Background: Artesunate (ART), an artemisinin antimalarial, is embryolethal and teratogenic in rats, with the most sensitive days being 10 and 11 postcoitum (pc), respectively (Clark et al.: Birth Defects Res B 71:380-394, 2004; White et al.: Birth Defects Res A 70:265, 2004).
Methods: In this study, pregnant rats were administered a single oral dose of 17 mg/kg ART on Days 10-11 pc and conceptuses were evaluated through Day 14 pc.

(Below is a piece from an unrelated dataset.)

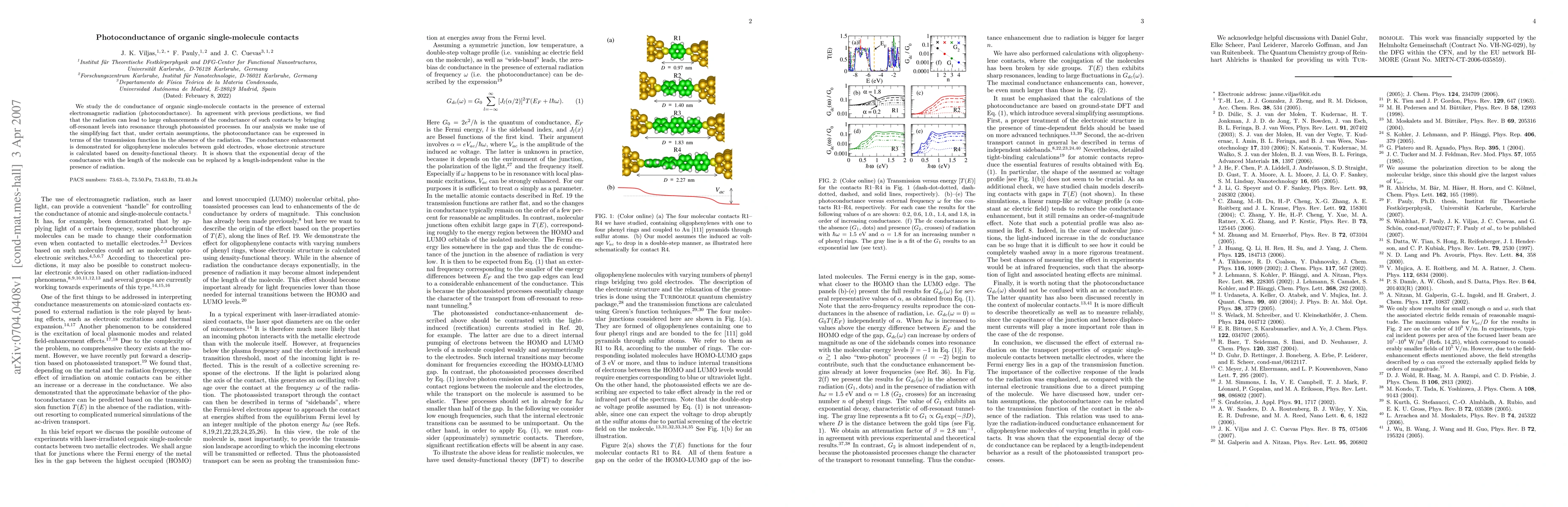 This study investigates the photoconductance of organic single-molecule contacts, demonstrating significant conductance enhancements due to external electromagnetic radiation. The research shows that radiation can bring off-resonant levels into resonance, and the conductance decay with molecule length becomes length-independent under these conditions, as demonstrated using oligophenylene molecules between gold electrodes.

Results: Paling of visceral yolk sacs was observed within 3-6 hr after treatment. Within 24 hr, marked paling and embryonic erythroblast depletion were observed macroscopically, which preceded malformations and embryo death, and persisted through Day 14 pc. Histologically, embryonic erythroblasts were reduced and cells showed signs of necrosis within 24 hr, were maximally depleted by 48 hr, and had partially rebounded within 3-4 days after treatment (Days 13 and 14 pc). Iron accumulation was evident in treated erythroblasts as early as 6 hr after treatment, suggesting impairment of heme synthesis. Heart abnormalities (swollen or collapsed chambers) were observed within 24 hr in approximately 25-60% of embryos and within 48 hr in 100% of embryos, correlating with histologic signs of cardiac myopathy (thinned and underdeveloped heart walls and enlarged chambers). Delays in limb and tail development occurred by Day 13 pc. Embryos were viable through Day 13 pc, but approximately 77% of embryos had died by Day 14 pc, presumably due to hypoxia and/or cardiac abnormalities.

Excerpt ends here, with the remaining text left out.